MC Beaton’s victim is an over-zealous Health and Safety officer who orders a crackdown on everything from wooden shelves to toy money

Christmas in the countryside is hard to beat. But when that countryside is the Cotswold hills then there’s no contest. I love spending the holiday at home on the farm, and checking the livestock first thing on Christmas morning is a wonderful way to start the big day. It’s not unusual to wake up on the 25th to a severe frost or even a light dusting of snow high up on the hills here. It adds a really festive touch.

The short days of December mean that once dusk starts to dim the views across the landscape, there’s a good excuse to curl up by the fire with a good book. Although Dickens and Hans Christian Andersen are firm favourites, I think stories which are set locally really suit the festive mood.

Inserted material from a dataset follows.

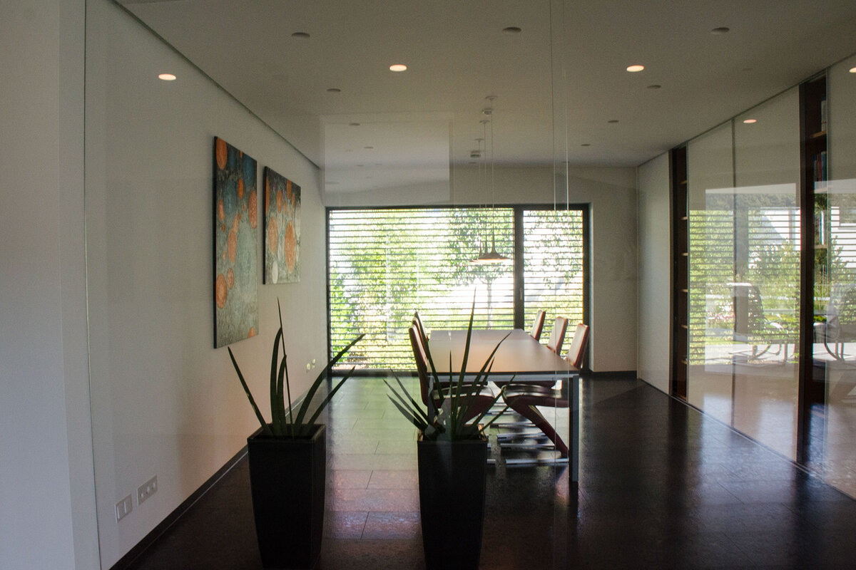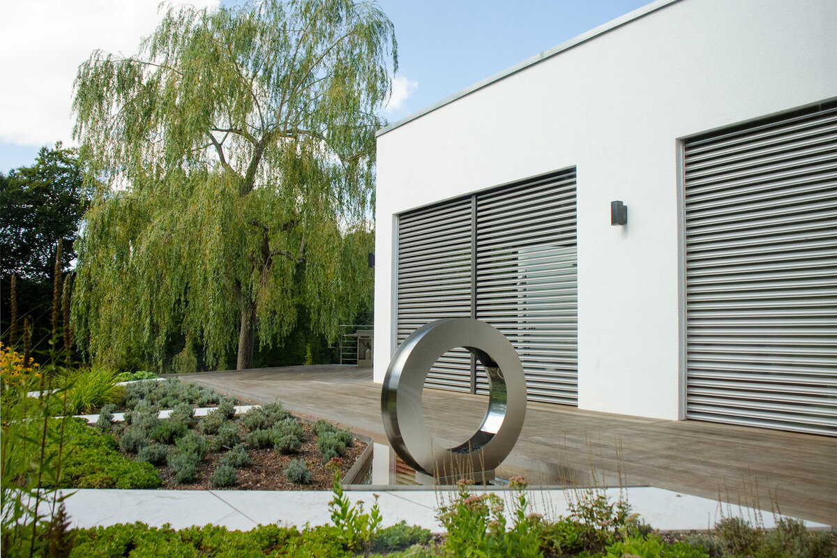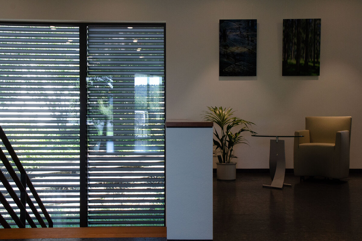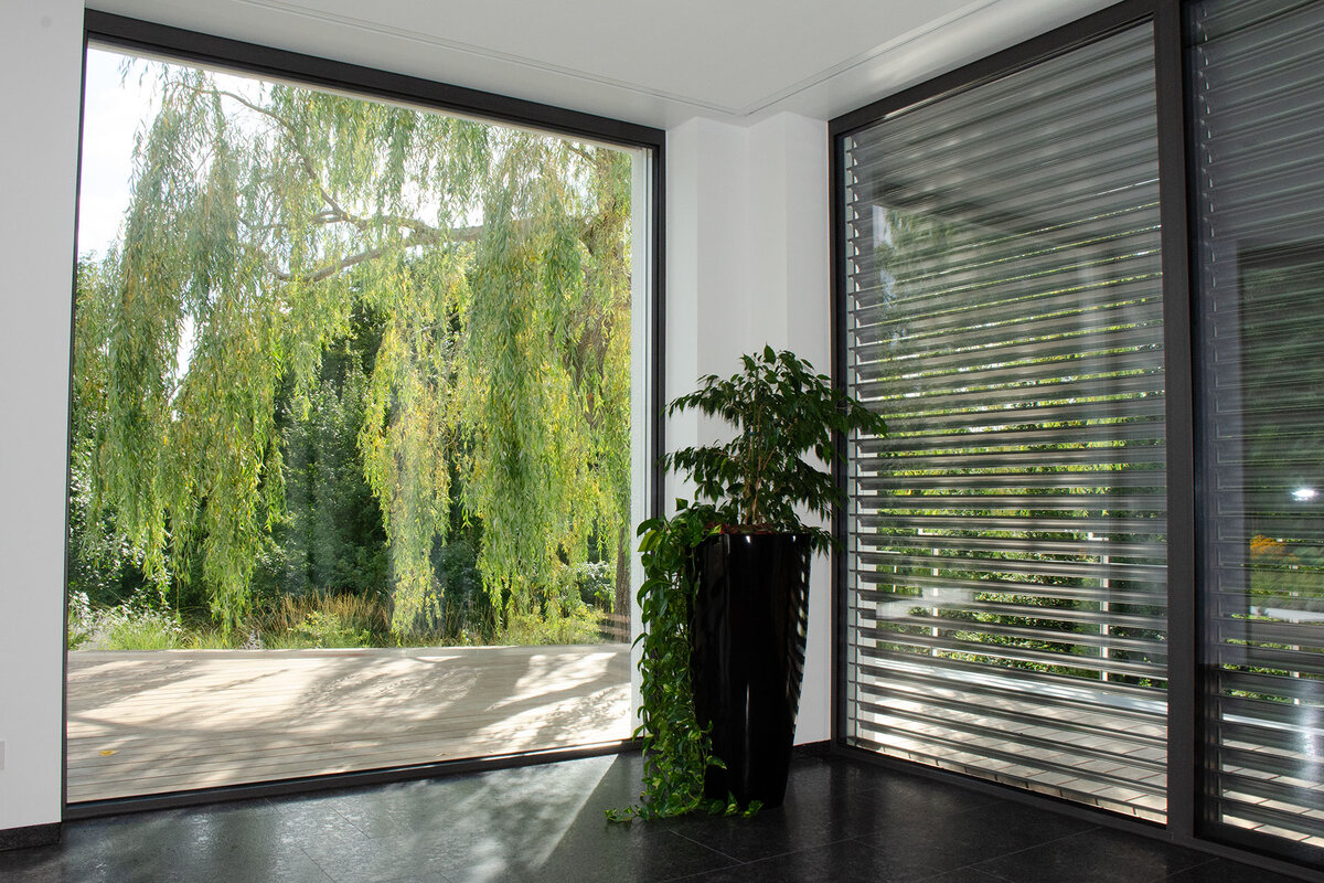 Schwenkbare Aluminium-Lamellen, die Tageslicht lenken und gleichzeitig für Sicht- und Sonnenschutz sorgen. Vor allem vor großen Fenstern und in transparenter Architektur wirksam – stilvoll und funktional.

So I’ve been asking friends and doing some homework on the way Christmas in the Cotswolds has been portrayed over the years.

I suppose the most famous are Laurie Lee’s memories of carol singing in the Slad valley in Cider with Rosie. It conjures up images of crisp December nights, twinkling lights and the Christmassy smell of roast apples and hot mince pies. It’s so beautifully written. It’s a section of the book which is regularly read aloud at Christmas concerts throughout the county and it always goes down a treat. But Laurie Lee isn’t the only author who has created visions of yuletide in Gloucestershire.

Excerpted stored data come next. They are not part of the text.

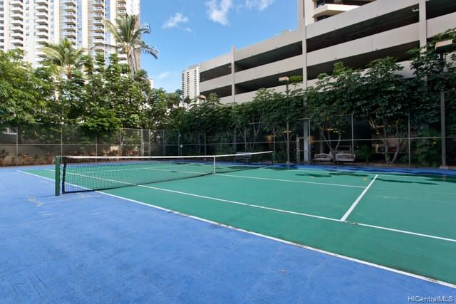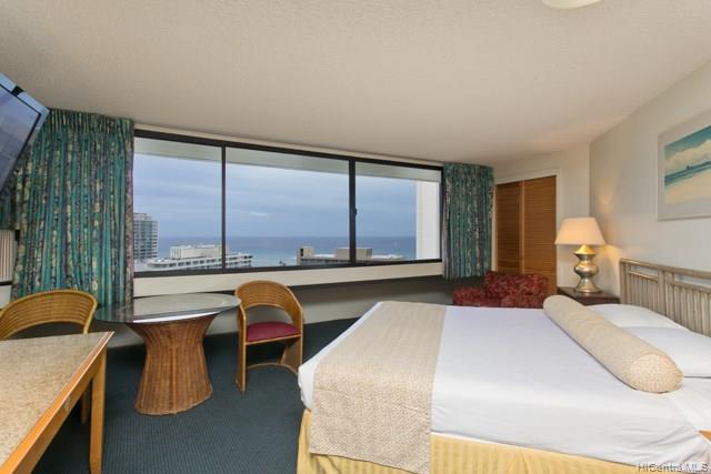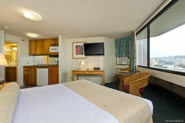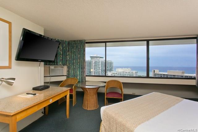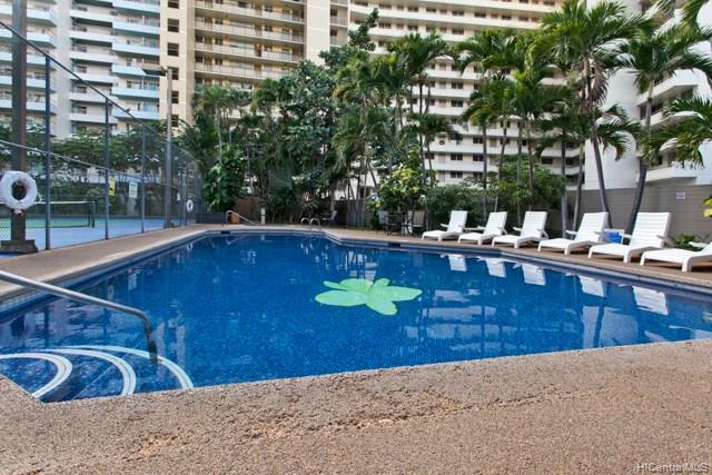Ideal studio in a great location. Great Ocean Views and Conveniently close to restaurants, entertainment, Ala Moana Shopping center/beach park, Hilton Hawaiian Village and Friday fireworks. The unit is fully furnished and move in ready. Gated parking, secured entry and onsite laundry located on the same level, assigned parking, four units per floor. Pool, tennis court & bbq area.
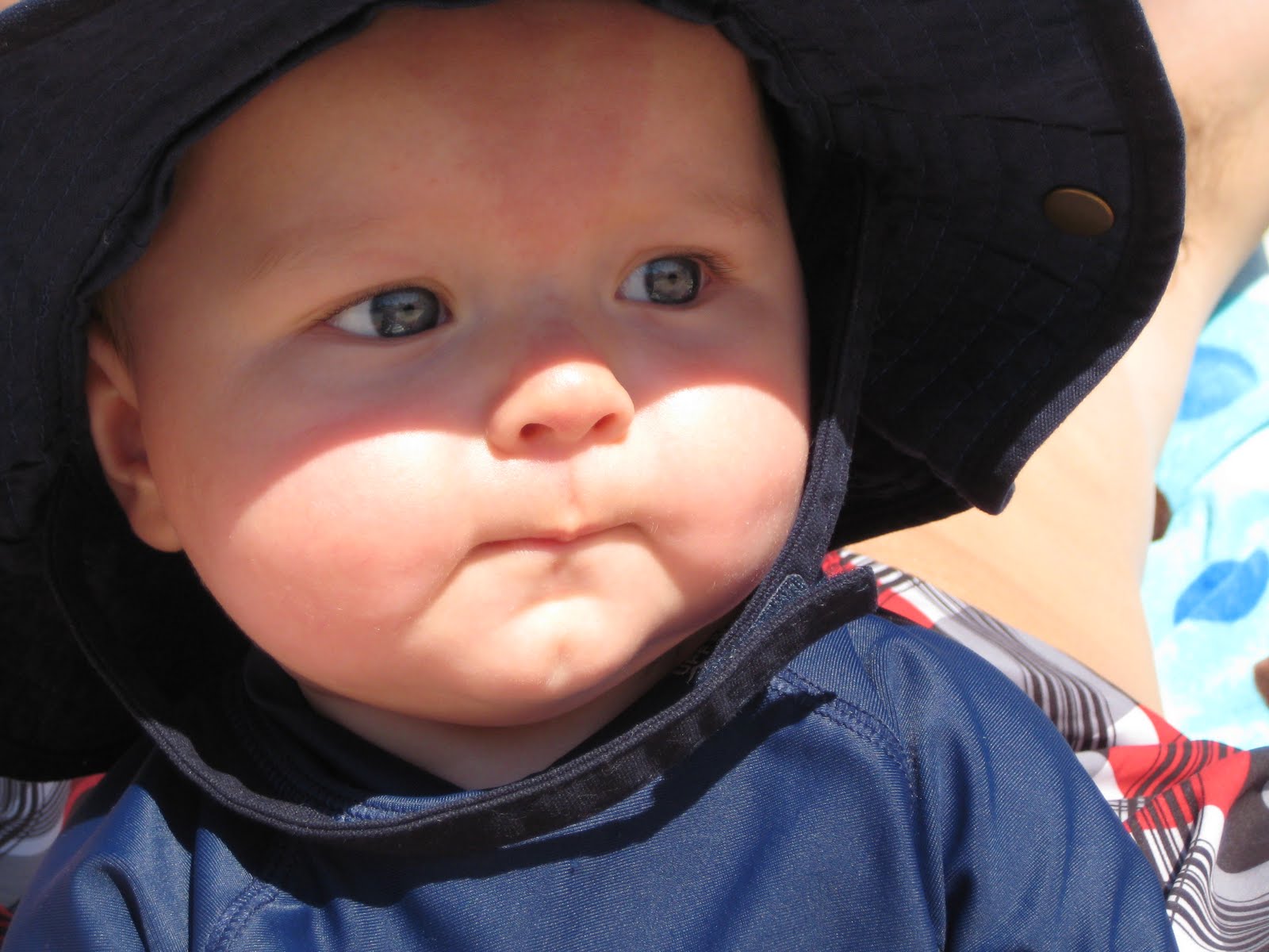... when he shows off his newly acquired sitting skills, especially in precarious places,
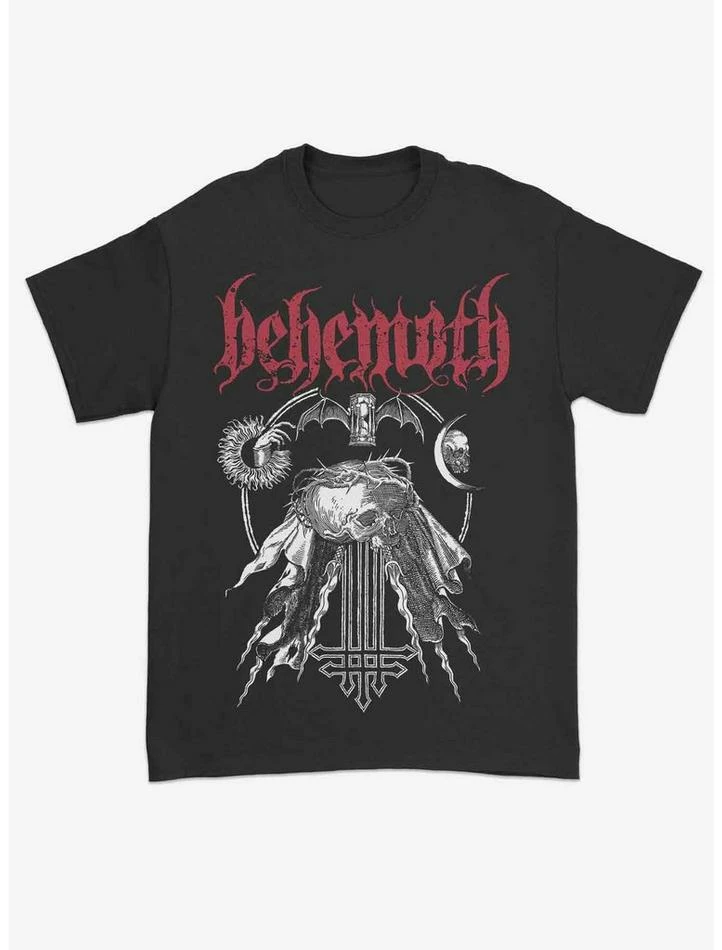 We’re living in a post-God Nirvana, so why not grab a new Behemoth tee to match the mood? This style features a crown of thorns set atop a skull with evil and occult symbols surrounding it.
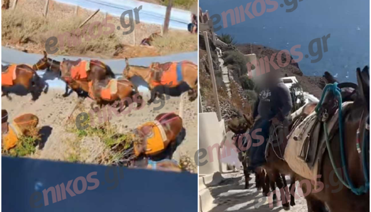 Στον – για πολλούς – επίγειο κυκλαδίτικο παράδεισο υπάρχουν την ίδια στιγμή δύο τελείως διαφορετικοί κόσμοι. Από την μία τα εμβληματικά λευκά νησιώτικα σπίτια, με το πολυφωτογραφημένο μαγευτικό ηλιοβασίλεμα και τις εντυπωσιακές παραλίες που έχουν διαφορετικά χρώματα άμμου και καταγάλανα νερά, κι από την άλλη τα «ιπποειδή εργασίας» ανεβοκατεβαίνουν με τουρίστες στην πλάτη τους, σχεδόν ασταμάτητα σε καθημερινή βάση τα περίπου 600 σκαλοπάτια από το λιμάνι των Φηρών μέχρι και την κορυφή της Καλντέρας, με τους ιδιοκτήτες τους να χρεώνουν την «ονειρική» διαδρομή, η οποία διαρκεί 20-30 λεπτά, 5-6 ευρώ το άτομο.
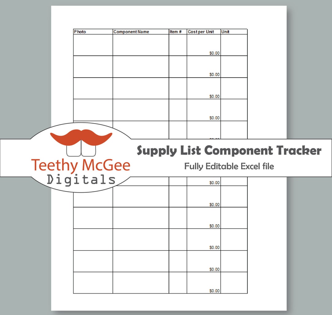 Supply List Component Tracker - Instant Download Editable Business Tool ...

A Cotswold Village is a wonderful and evocative glance back at a bygone world. Written by a talented cricketer, J Arthur Gibbs, it was published way back in 1898 and depicts life in the hamlet of Ablington, near Bibury, in the closing years of the Victorian era. Gibbs describes one Christmas Day that was so warm and mild that the sunshine and the call of the birds made him imagine that it was April. The air was so still that he could hear the Christmas bells ringing two miles away in the village of Barnsley. He paints a vivid picture of the countryside around him with bleating lambs in the meadow, a pair of fantail pigeons ‘of the purest white’ and the sound of a great brown trout splashing about in the stream. As he describes them, you can almost hear the caw of the rooks, the cry of the plover and the scratching of a one-legged cock pheasant which comes up to his feet and takes bread from his hand.

The festive period always has us reaching for scare stories and murder mysteries. I’m not sure why the season of goodwill encourages the reading of grim and gruesome tales but it’s a tradition that’s here to stay. So if you like a fright with your figgy pudding, there are a couple of current authors who are happy to oblige.

The Agatha Raisin mysteries by MC Beaton are based in the fictitious Cotswold village of Carsely and one of them features a Christmas murder. The victim is an over-zealous Health and Safety Officer who annoys the locals when he orders a Christmas crackdown on everything from wooden shelves (splinter risk) to toy money (counterfeit banknotes). But he goes too far when he bans the annual Christmas tree from being put up on the church tower.

An altogether more serious range of books are the Cotswold mysteries by Rebecca Tope. This time the locations are real and all the stories feature an unfortunate house sitter called Thea Osborne who seems to attract misfortune. The hamlet of Hampnett, near Northleach, in the depths of midwinter, is the setting for Fear in the Cotswolds; as the weather becomes more extreme, Thea discovers a dead man lying in a snow-covered field. Gripping stuff, especially when you know the places involved. But if tradition is your thing, then J Arthur Gibbs summed up the festive season in the Cotswolds perfectly when he wrote: “Christmas is Christmas still, in the heart of old England”.